Which of the following aqueous solutions should have the highest boiling point?
A. 1.0M NaOH
B. 1.0M $N{{a}_{2}}S{{O}_{4}}$
C. 1.0M $N{{H}_{4}}N{{O}_{3}}$
D. 1.0M $KN{{O}_{3}}$

Answer 1

Hint:. The molarity of all these solutions is given to be the same. So the boiling point has to be decided by the number of ions that can be formed when the given compounds are dissociated into their respective ions.

Complete step by step answer:
-Many types of compound can be used as electrolytes but the most preferred compounds are acids, bases and salts. Electrolytes dissolve in water to form a solution and that solution conducts electricity by dissociating into ions.
Eg. $NaCl\left( s \right)\to N{{a}^{+}}\left( aq \right)+C{{l}^{-}}\left( aq \right)$
Water is added as solvent so that the ions can become mobile. Only then they can conduct electricity.

-Now coming to the strength of the electrolytes. There are two types of electrolytes, strong and weak. Strong electrolytes are those which can dissociate to a very large extent to give the respective cations and anions. Weak electrolytes are those which dissociate very less and so the ions formed are not much which reduces the conductivity of the solution.

-Weak electrolytes do not dissociate completely into their ions and the difference in their dissociation can be shown in the form of a quantity called the dissociation degree $\left( \alpha \right)$

-Van't hoff factor is the measure of the degree of dissociation for weak electrolytes. It is directly proportional to the degree of dissociation. It means that if the value of the van't hoff factor is more, more electrolyte will dissociate itself to form ions. If the value is less, then lesser amount of electrolyte will dissociate.

-There is a relationship between the van't hoff factor i and degree of dissociation $\left( \alpha \right)$
\[\alpha =\dfrac{i-1}{n-1}\]
Here n is the number of ions that can be produced by 1 mole of the electrolyte on dissociation.
${{A}_{x}}{{B}_{y}}\rightleftharpoons x{{A}^{y+}}+y{{B}^{x-}}$
If the degree of dissociation is $\left( \alpha \right)$, then equal moles will be formed as ions and the moles of the electrolyte left will be given as $\left( 1-\alpha \right)$ .

-The boiling point elevation is directly proportional to the van't hoff factor.
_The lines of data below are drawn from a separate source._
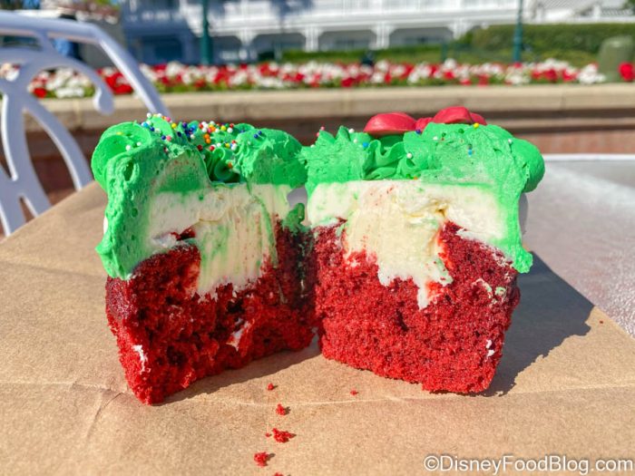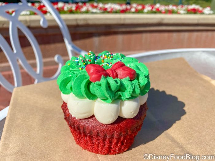 We’ve tasted A LOT of cupcakes over the years, and we like to think of ourselves as experts in the Disney cupcake world. Just recently, we’ve reviewed the Menagerie Cupcake, the Twice Upon a Christmas Cupcake, the Olaf’s Snow Flurry cupcake, AND the Simba cupcake. That’s a lot of cupcakes! But now, another holiday cupcake has returned to Walt Disney World, and you know we had to try it!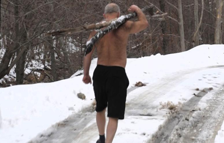 Karlı günlerde de üzerinde sadece şortuyla doğada dolaşan Aydın, karlı yolları aşarak yakacak odun topluyor. Uzun yıllardır bu şekilde yaşadığını belirten Aydın, üşümediğini ve hastalanmadığını ifade ediyor.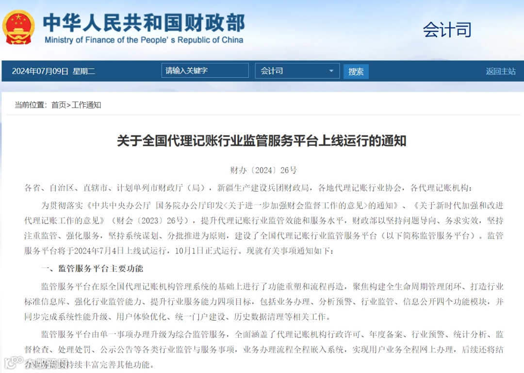 7月3日,财政部发布《关于全国代理记账行业监管服务平台上线运行的通知 》

So this factor decides the boiling point in the given question.

-In the option A, C and D, the van't hoff factor is 2 as there are 2 ions into which the compound dissociates. In option B, there are 3 such ions and so the van't hoff factor is 3. So it has more boiling point than other options.
So, the correct answer is “Option B”.

Note: The expression by which the boiling point elevation is connected to the van't hoff factor is $\Delta T=i\times {{K}_{b}}\times m$ where K is the boiling point elevation constant and m is the molality of the solution.